Rumors of a smugglers' tunnel had swirled within the anti-drug community for months. But sources said that a painstaking federal search had turned up nothing until Army geologists, using advanced seismic profiling equipment, detected a suspicious hollow area about 30 feet beneath the Earth's surface near the Douglas border crossing.

The 5-foot-tall passage linked a luxury home in Agua Prieta, Mexico, to a warehouse across the border in Arizona, where tractor-trailers and other rigs apparently were loaded with thousands of pounds of cocaine and dispatched to delivery points elsewhere in the United States.

Federal agents, who had recently begun surveillance of the site, seized more than a ton of cocaine and arrested two men near Phoenix on May 11 after following a truck from the suspect loading dock.

Armed with jackhammers and torches, agents raided the warehouse and discovered the sophisticated tunnel late Thursday night.

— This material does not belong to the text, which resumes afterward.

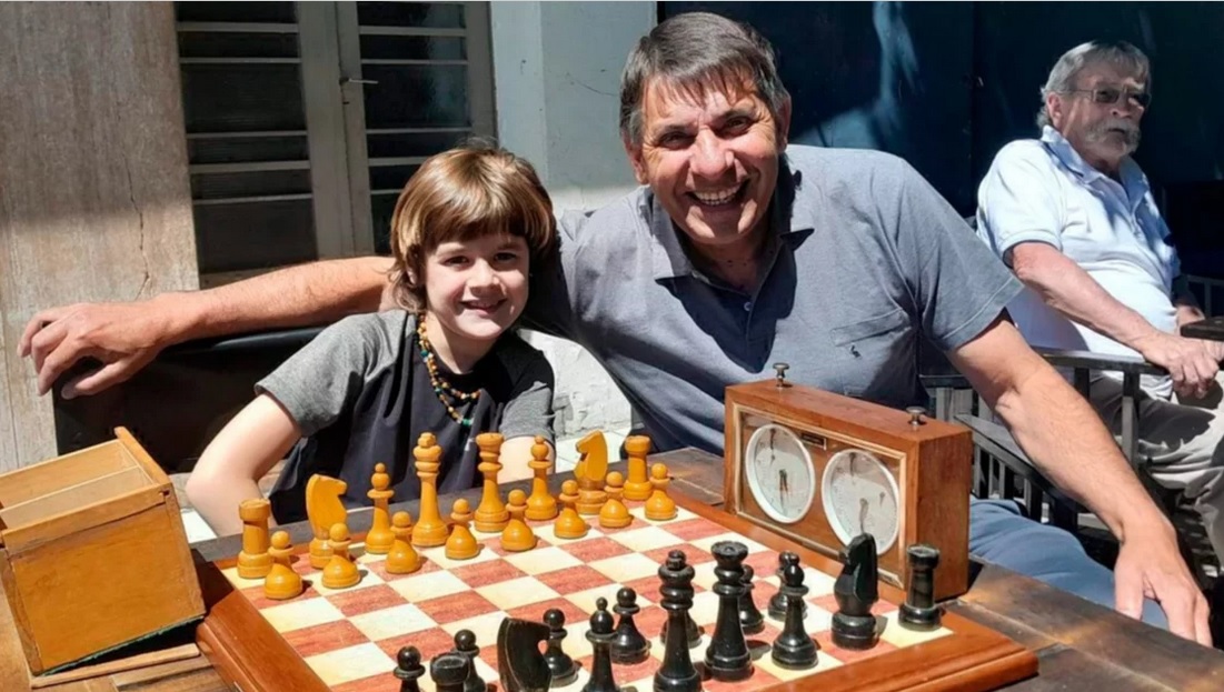“En Trenque voy con mi abuelo (‘Peluca’ Martínez) al Club El Progreso, y ahí también aprendí a jugar chinchón y truco…”, dijo el desinhibido chiquilín. Está aún haciendo los palotes en el juego de los trebejos, pero tiene la vida por delante para ser un ajedrecista de nota el día de mañana.

In a parallel strike, agents of the Mexican Federal Judicial Police raided the Agua Prieta home, owned by Mexican businessman Rafael Francisco Camarena.

The Mexican attorney general's office said two people were arrested in the house. Camarena is not in custody, and officials refused to say whether there was a warrant for his arrest.

He owns the Douglas Building Supply warehouse and a firm called Douglas Redi-Mix Concrete. Authorities said they believed he had used his own expertise to engineer the link between his home and warehouse.